Chinese precision manufacturing company

Lens Technology Co., Ltd. (Chinese: 蓝思科技股份有限公司) is a Chinese precision manufacturing company that produces glass, ceramic, metal, and sapphire components for consumer electronics and automotive interaction systems. Its customers include multinational electronics and automotive manufacturers.

Lens Technology is listed on the Shenzhen Stock Exchange and completed a secondary listing on the Hong Kong Stock Exchange in 2025.

== History ==
Lens Technology was founded in 1993 by Zhou Qunfei.
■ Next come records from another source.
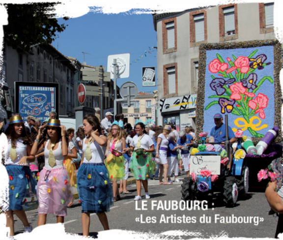
LE FAUBOURG : «Les Artistes du Faubourg»
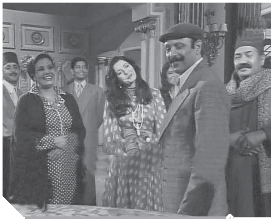
زَيْنُوبَا، مسلسل حظي بمتابعة كبيرة
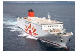
さんふらわあ さつま・きりしま 大阪↔志布志

大洗↔苫小牧航路は商船三井フェリーが、その他3航路はフェリーさんふらわあが運航します。
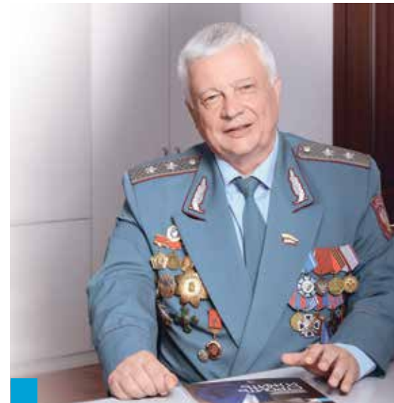
Александр Бахмуров, председатель Общественного Совета при УФНС Самарской области, государственный советник налоговой службы Российской Федерации III ранга, отличник ФНС России

От всей души желаем Вам энергии и оптимизма! Успехов в общественной и политической деятельности! Семейного благополучия! Крепкого здоровья!
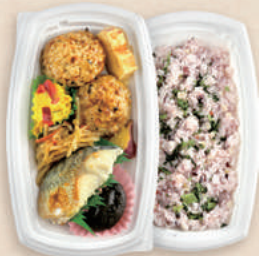
健康弁当 BCT コバコ 21-12 W-コトン P/中皿
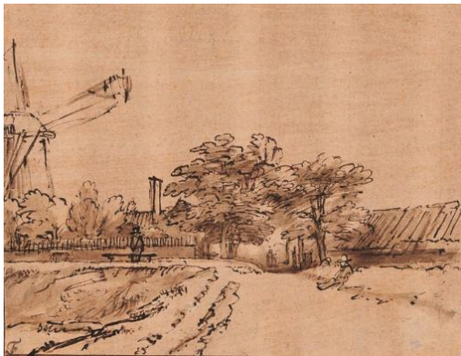
1. Rembrandt Harmensz. van Rijn (1606-1669) Rempart près de la St. Anthonispoort à Amsterdam, vers 1648-1652 Plume et encre brune, lavis brun, 142 x 182 mm
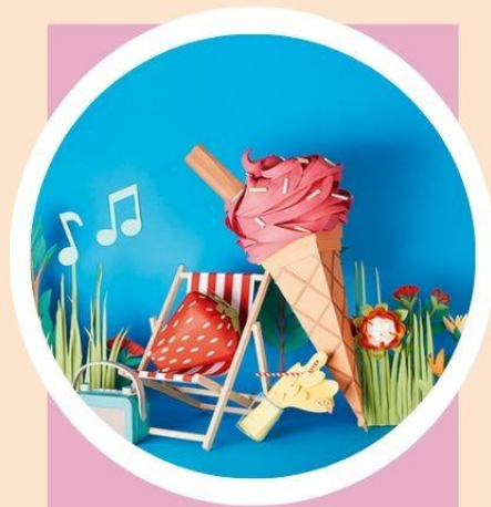
THE PARK Andy Singleton
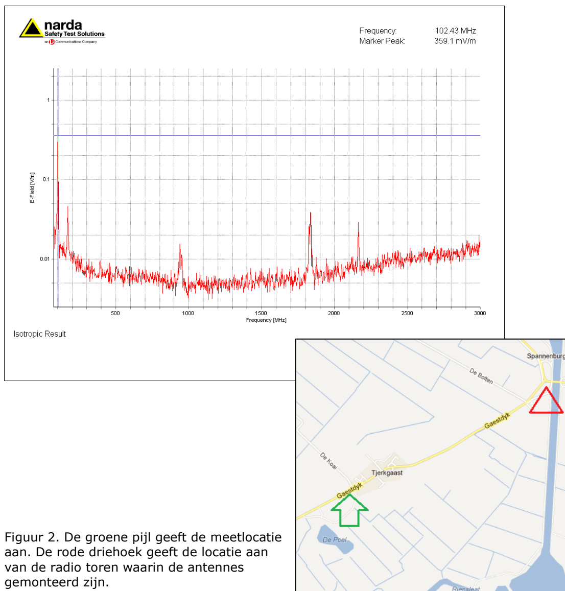
Figuur 2. De groene pijl geeft de meetlocatie aan. De rode driehoek geeft de locatie aan van de radio toren waarin de antennes gemonteerd zijn.
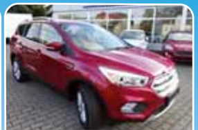
Ford Kuga 1.5 EcoBoost Titanium Navi, KeyFree, Winter-Paket Rot, 21.226 km, 110 KW (150 PS) 10/2017 23.995,- €
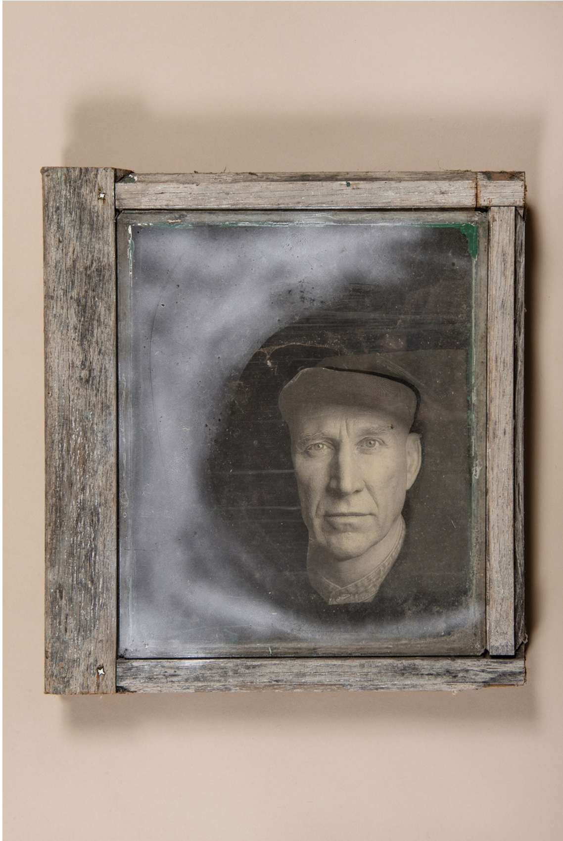
Bonjour Salgado, 2000
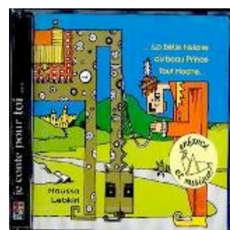
La belle histoire Contes sur CD
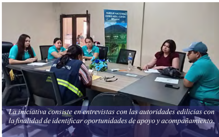
La iniciativa consiste en entrevistas con las autoridades edilicias con la finalidad de identificar oportunidades de apoyo y acompañamiento.
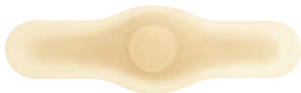
ワンステップ 足の指用

The company initially manufactured watch glass before expanding into mobile phone cover glass as demand for touchscreen devices grew.

The company expanded during the 2000s and 2010s through vertical integration, automation, and in-house equipment development. It went public on the Shenzhen Stock Exchange in 2015 and completed a Hong Kong listing in 2025.

== Products and processes ==
Lens Technology's manufacturing areas include:

- Chemically strengthened glass and ion-exchange processing
- CNC machining of glass and structural components
- Optical and functional coatings, including anti-fingerprint and anti-reflection coatings
- Printing and surface decoration
- Ultra-thin glass (UTG) and components for foldable displays
- Structural and functional parts for smart vehicles and wearable devices

The company operates a vertically integrated model covering research, design collaboration, tooling, processing, and production.

== Research and development ==
Lens Technology conducts R&D independently and in collaboration with customers during product development. As of 2024, the company reported over 24,000 R&D and technical personnel, cumulative R&D expenditure of RMB 18 billion between 2015 and 2024, and annual R&D spending of RMB 2.78 billion in 2024.